I am not sure how to deal with this situation and could use some advice. 

FI is in an industry where they work in shifts and some will have to work late.  As he calls it, he has tiers of work friends- people he socializes with outside of work, people at work who he doesn't but more so because they are on different rotations and they are buddies at work, and people he doesn't really like...lol.

We are having an "after party", not sure what else to call it. Venue is a waterfront restaurant/bar, our reception is under a tent with its own bar and they have another outside bar and entertainment area.  The venue will have a band that comes on at 10, we'll end around 9:30 and venue said we can stay, they just have to shut down our bar (open bar during our reception) and we would have to use the other bar which will be cash, no exceptions.  We are thinking of doing more food, kind of like another cocktail hour.  No idea how I will get them a head count for this , I might be able to make a guess.  That is one problem. 

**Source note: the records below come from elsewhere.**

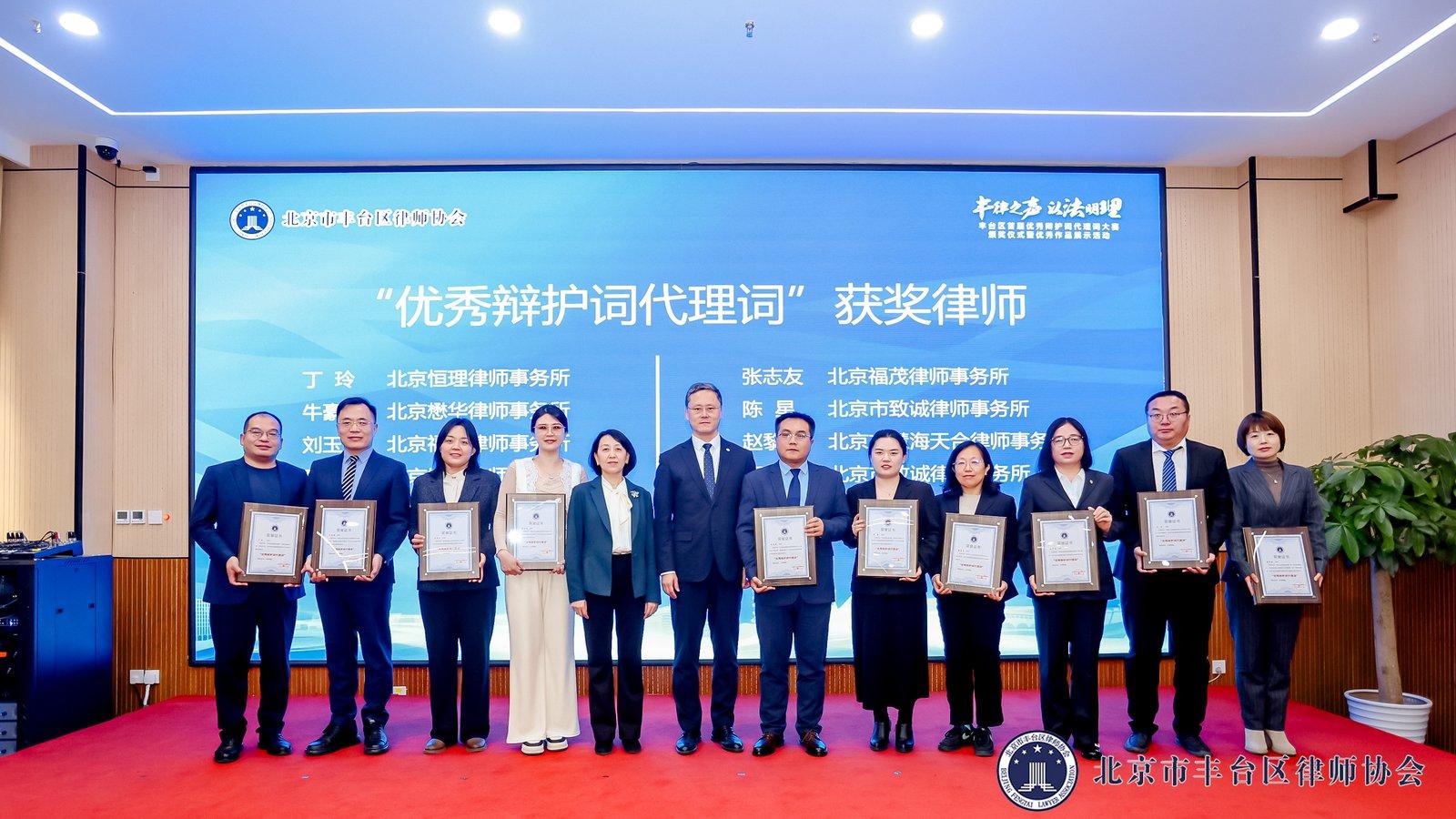12月3日,由北京市豐臺(tái)區(qū)司法局指導(dǎo),豐臺(tái)區(qū)律師協(xié)會(huì)主辦的首屆優(yōu)秀辯護(hù)詞代理詞大賽頒獎(jiǎng)儀式暨優(yōu)秀作品展示活動(dòng)圓滿收官。北京市律師協(xié)會(huì)副會(huì)長(zhǎng)郝春莉,豐臺(tái)區(qū)委政法委副書記王文征,豐臺(tái)區(qū)司法局黨組成員、副局長(zhǎng)佟穎,北京市律師協(xié)會(huì)副會(huì)長(zhǎng)、豐臺(tái)區(qū)律師協(xié)會(huì)會(huì)長(zhǎng)胡占全等領(lǐng)導(dǎo)及行業(yè)知名專家出席活動(dòng),豐臺(tái)區(qū)律師協(xié)會(huì)品牌建設(shè)委員會(huì)主任時(shí)福茂主持大會(huì)。
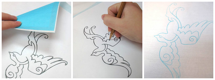 Оригинальный рисунок должен быть на кальке. Обведите его с обратной стороны карандашом или влажным мелом, затем аккуратно положите на ткань и несколько раз прогладьте рукой.
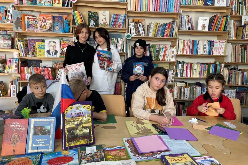 В библиотеке № 7 юные читатели познакомились со слайдовой презентацией «Живи и славься, Русь святая!», отвечали на вопросы викторины. Ответы разыскивали в книгах, представленных на книжной выставке. Они познакомились с книгами Николая Головина «Моя первая русская история», услышали рассказ из книги «Минин и Пожарский» о Смутном времени на Руси, когда на ослабевшую от раздоров страну пытались захватить враги. Дети занялись творчеством и терпеливо мастерили бумажное панно – символ России в виде цветочной композиции.

Second problem, FI thinks we should do a separate invite to his coworkers who he knows will not be able to attend the ceremony and reception because of sched, but who could make "party".   I think we should just invite everyone to the ceremony and reception (that he is friends with), but not sure whether or not to put a note in there about everyone staying late so those on shifts would know heah swing by. Or do we just do word of mouth.  FI said ettiquette is not an issue because his work buddies would not know it if it jumped up and bit them in the a$$.  Gotta love men, lol.  But I am also perplexed about informing other guests about staying if they like, is word of mouth ok?  People who already know about the "party" (close friends and family) are real excited because the band is awesome and the fact that we can all stay where we are and none of them want the wedding to end at 9:30pm.   

Thanks, and again, sorry so long.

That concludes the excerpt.